Layton raises spectre of ‘ credit card’ health care
The Conservatives and Liberals are both driving Canada toward a profitbased system of “ American-style medicine” that will soon have people using credit cards instead of health cards, federal NDP leader Jack Layton said Sunday.
“Neither Liberals nor Conservatives will stop the dramatic growth of private health care,” Layton said as he wrapped up a weekend of B. C. campaigning with a pre- breakfast speech at the Floata restaurant in Vancouver’s Chinatown.
“Both Liberals and Conservatives will make people pay more,” he said. “You’ll use your credit card instead of your health card to get service.”
When pressed by reporters after his speech, Layton softened his stance slightly, saying he is not necessarily against private clinics such as Vancouver’s Copeman Healthcare Centre, but rather that he wants to ensure public money is not used to support them.
“What happens with people in the privacy of their own relationship financially, that’s up to them,” Layton said.

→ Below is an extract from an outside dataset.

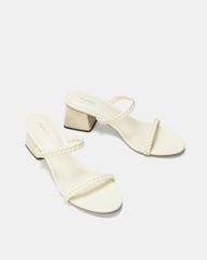 Giày mũi tròn, phối quai mảnh thắt nút cách điệu tạo nên sự uyển chuyển trong bước đi

“Our concern is that if you begin to take public health care dollars and put them into for-profit operations, you’re bleeding away money to stockholders and speculators and the people that buy and sell corporations.”
In an interview with The Vancouver
Sun, Layton attacked Conservative leader Stephen Harper’s plans for reducing waiting times.
“I have studied Mr. Harper’s plan and I don’t see any proposals there as to actually how he is going to reduce them,” Layton said.
“He’s simply said ‘they shall be reduced’ as though the Red Sea shall part because he has said so,” he added.
Last week, Harper announced a plan to fast-track the Liberal government’s plan for waitinglist benchmarks. He said that if elected, he would make provincial governments that couldn’t meet those benchmarks pay for patients to be transported to jurisdictions where the services are available.
Layton said he thinks this means Harper likely plans to funnel public money into private clinics.
“When you read between the lines it looks like what he is getting at is that public dollars could then be diverted to some of these private for-profit operations as a way of reducing wait times but he doesn’t quite want to come out and say it.”
Layton also said he believes B. C. voters are frustrated with the current government, and should consider the NDP as an alternative.
“ I think people in British Columbia ... are far enough away from Ottawa they can kind of look at what goes on in our federal government with a certain kind of distance and a healthy cynicism,” he said.
He said B. C. could be an important battleground for his party, but was unwilling to say how many seats he thinks the NDP can pick up in the Jan. 23 election.
Layton would also not say whether he is running to form the next government or just to build a stronger opposition.
“I’m running to get as many NDP members as possible,” he said. “If the people send a sufficient number of our members there, then we will play a certain kind of role,” he added. “I’m certainly prepared to play that kind of role, whatever it is.”